Secular Atheist Demolishes Darwinian Evolution
Thomas Nagel is a University Professor in the Department of Philosophy and the School of Law at New YorkUniversity. He is a well known secularist and atheist.
And yet, in his new book Mind and Cosmos, or Why the Neo-Darwinian Conception of Nature is Almost Certainly False, Nagle destroys one of the key lynchpins of modern secular thought. From the inside.
After reading his latest work, I believe that Professor Nagel and I would almost certainly agree on the following statement:
“It is untrue that Evolution is a fact. Instead, both Evolution and Intelligent Design are theories which must be accepted or rejected on the best available evidence, and on belief.”
I don’t usually mix discussions of Evolution and Creation, because they are really different subjects. But since Nagel does so in such an elegant fashion, I will follow his lead. He writes:
“Physico-chemical reductionism in biology is the orthodox view, and any resistance to it is regarded as not only scientifically but politically incorrect. But for a long time I have found the materialist account of how we and our fellow organisms came to exist hard to believe, including the standard version of how the evolutionary process works.
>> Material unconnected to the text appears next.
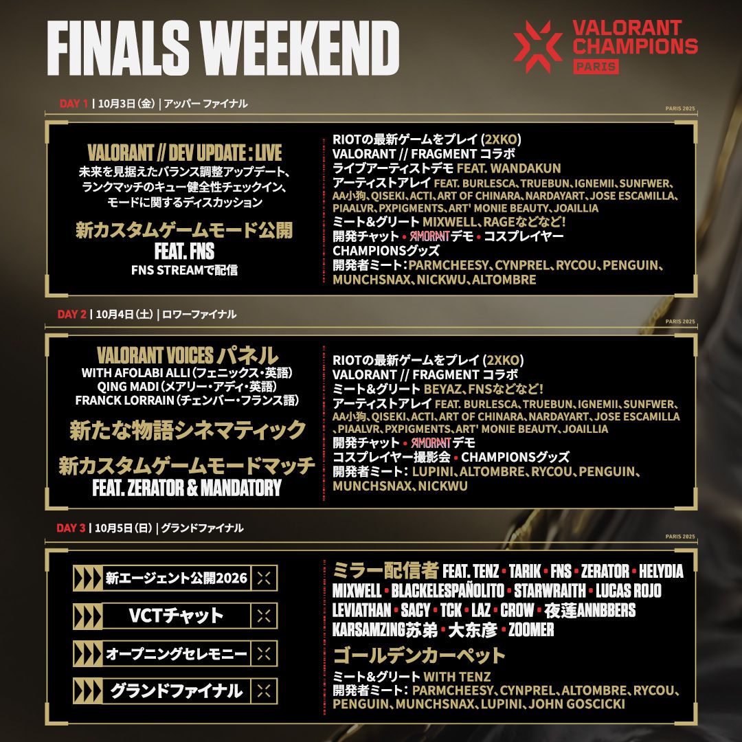 来る10月、いよいよChampions Parisが開催。Accor ArenaがVALORANT一色に染まり、ゲーム、アート、音楽、ファッションの祭典の舞台へと生まれ変わります。数か月の激闘の末、ヨーロッパ屈指の舞台で新たな世界王者が誕生します。さらに、王者の誕生を待つ間も、ライブアートのデモ、VALORANTの未来を紹介する開発パネル、コミュニティが交流できるロールゾーン、ゴールドカーペットで彩られたオープニングセレモニーなど、グランドファイナルの熱気を先取りできる催し物が目白押しです。

The more details we learn about the chemical basis of life and the intricacy of the genetic code, the more unbelievable the standard historical account becomes.” (Page 5)
“It seems to me that the current orthodoxy about the cosmic order is the product of governing assumptions that are unsupported, and that it flies in the face of common sense.” (Page 5)
With great detail and logic, Nagel dismisses the Evolutionary model; but then, because he is an atheist, he has to construct a naturalist theory for what he observes and reasons. Nagel knows that the complex intelligence inherent in every living cell, and the physical fine tuning required for an expanding cosmos, both unknown in Darwin’s time, scream that there is an Intelligent Designer.
Moreover, Nagel reasons that human consciousness and reason itself cannot be the result of purely reductionist chemical reactions and the law of survival. Something much more must be at work.
“Consciousness is the most conspicuous obstacle to a comprehensive naturalism that relies only on the resources of physical science.” (Page 35)
He berates the majority of scientists who denigrate those who believe in Intelligent Design, while he does not himself agree with ID theory. Nagel defends as being accurate most ID theorists’ criticisms of mainstream Evolutionary theory; he postulates that the counter-criticisms come in quick broadsides because his peers don’t want to let “the God toe” into the scientific tent. Nagel argues that while it may not be God, it is obvious that some force has made us the way we are, a force far beyond chance and chemical reactions.
“Biological evolution must explain the appearance of conscious organisms as such. Since a purely materialist explanation cannot do this, the materialist version of evolutionary theory cannot be the whole truth.” (Page 45)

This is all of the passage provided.